*Work to complete:* When you write out the listing, keep every character and omit the pictures.

*Supplied material:*
════════════════════

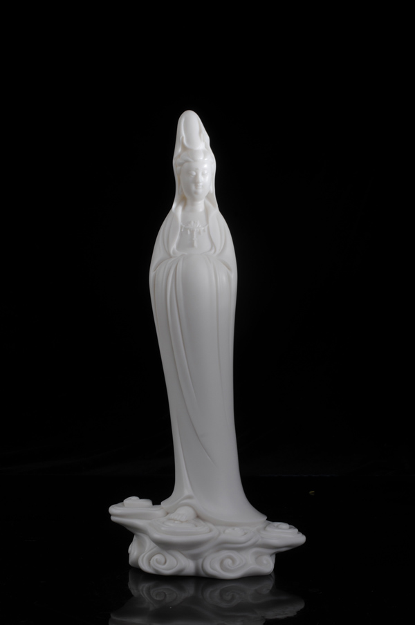 作品光潤潔白,如脂似玉,觀音慈眉善目,臉部神態(tài)極具傳神,手持如意,衣褶深刻,線條圓潤流暢,翻轉自然;造型古樸雅致,形神兼?zhèn),充分表現(xiàn)觀世音菩薩大慈大悲、普度眾生的最高境界。
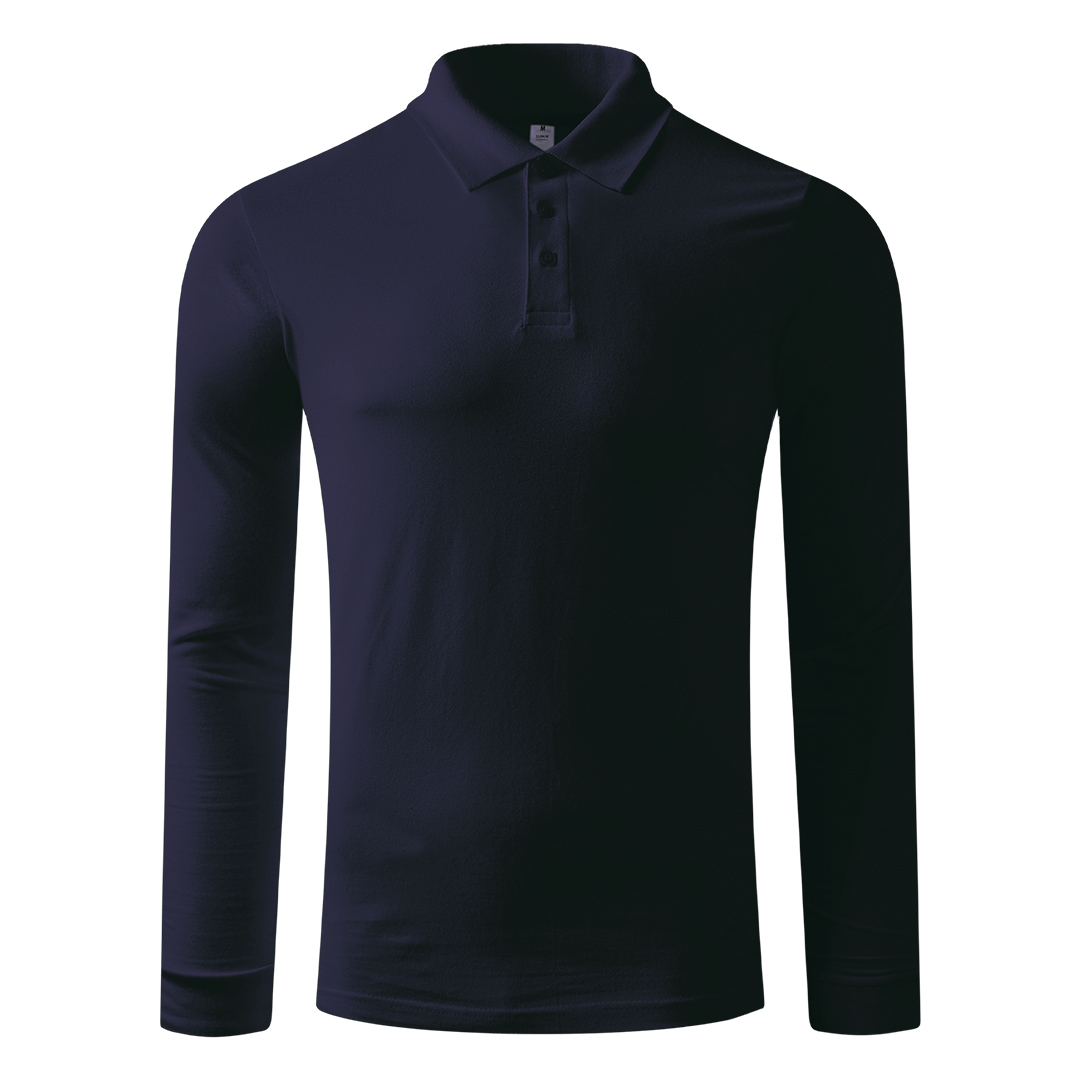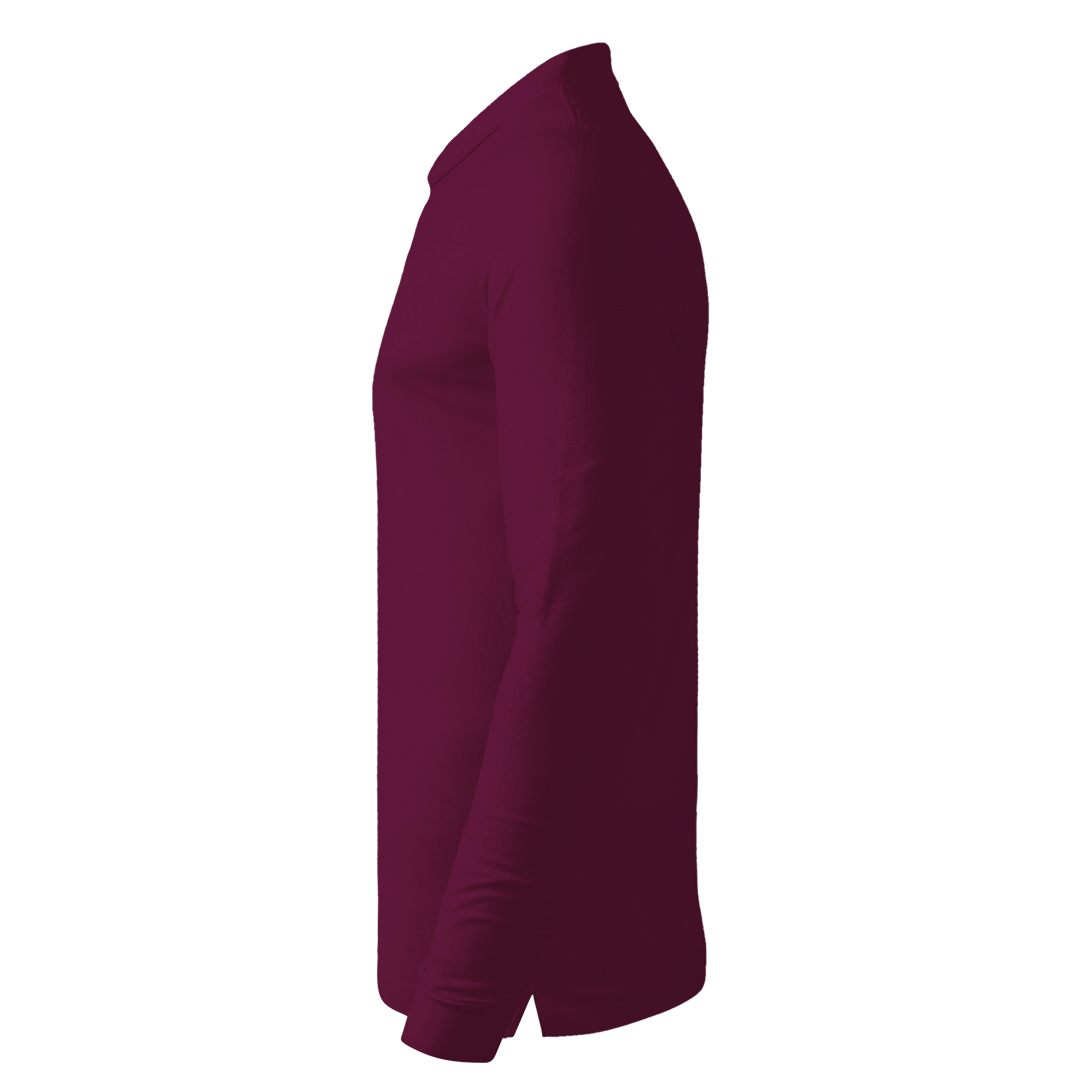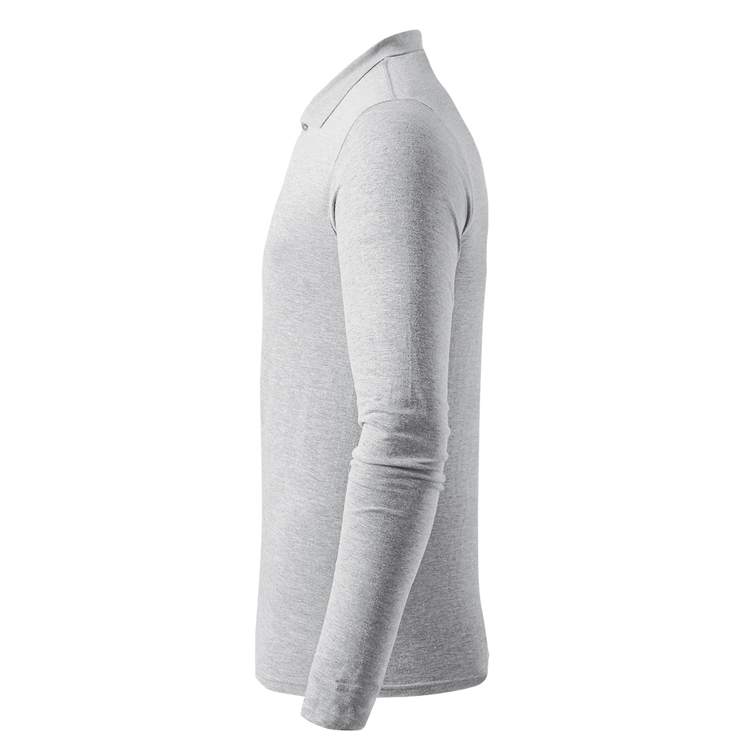 Polo majica dugih rukava, 200 g/m2, šivena sa strane, elastične ranfle na rukavima, dupli štep na dnu, tri dugmeta u boji majice, rezervno dugme, dodatni štep duž ramena, okovratnik ojačan trakom, šlicevi sa strane.
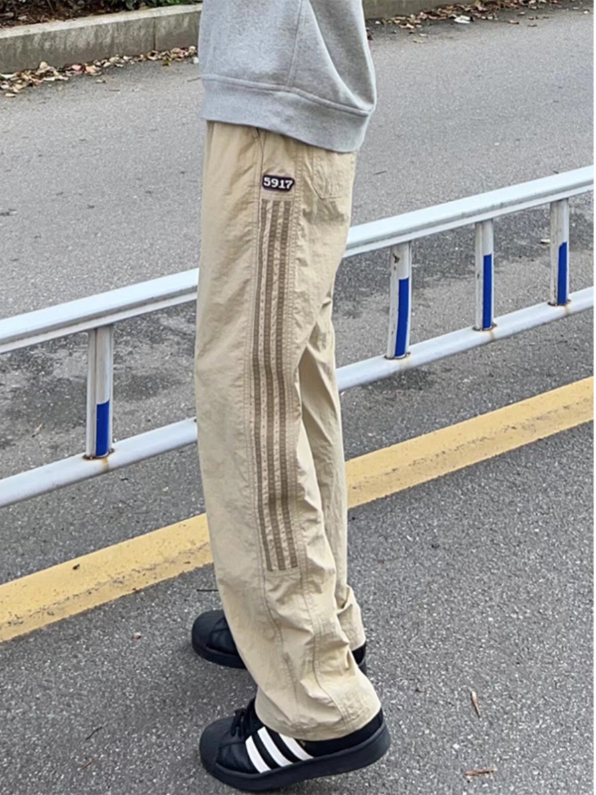 GFCPGUAN 카키 줄무늬 바지 남자 여름 얇은 나일론 빠른 건조 Cordwork 바지 스트레이트 레그 스포츠 캐주얼 바지
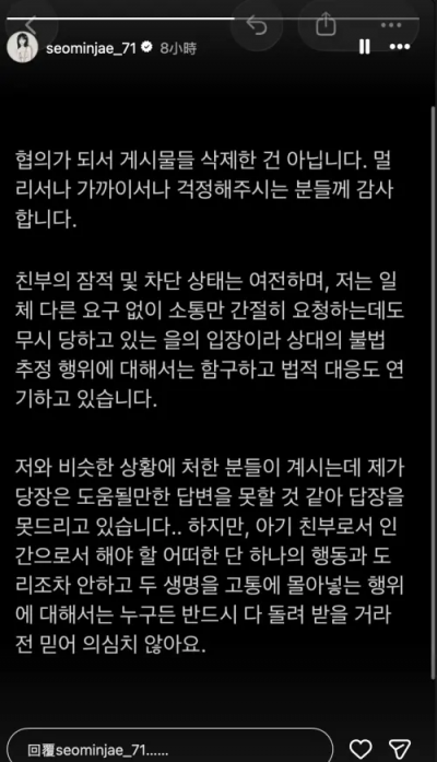 徐敏在先是解釋自己刪除貼文的原因,「不是因為和好才刪文,對方到現在都還在失聯中,我只是想要好好跟對方溝通,不過總是遭到對方無視」,表示自己誠心向跟對方好好溝通,甚至為次暫緩了提告的部分。

════════════════════

*Written reply:*
 作品光潤潔白,如脂似玉,觀音慈眉善目,臉部神態(tài)極具傳神,手持如意,衣褶深刻,線條圓潤流暢,翻轉自然;造型古樸雅致,形神兼?zhèn),充分表現(xiàn)觀世音菩薩大慈大悲、普度眾生的最高境界。
 Polo majica dugih rukava, 200 g/m2, šivena sa strane, elastične ranfle na rukavima, dupli štep na dnu, tri dugmeta u boji majice, rezervno dugme, dodatni štep duž ramena, okovratnik ojačan trakom, šlicevi sa strane.
 GFCPGUAN 카키 줄무늬 바지 남자 여름 얇은 나일론 빠른 건조 Cordwork 바지 스트레이트 레그 스포츠 캐주얼 바지
 徐敏在先是解釋自己刪除貼文的原因,「不是因為和好才刪文,對方到現在都還在失聯中,我只是想要好好跟對方溝通,不過總是遭到對方無視」,表示自己誠心向跟對方好好溝通,甚至為次暫緩了提告的部分。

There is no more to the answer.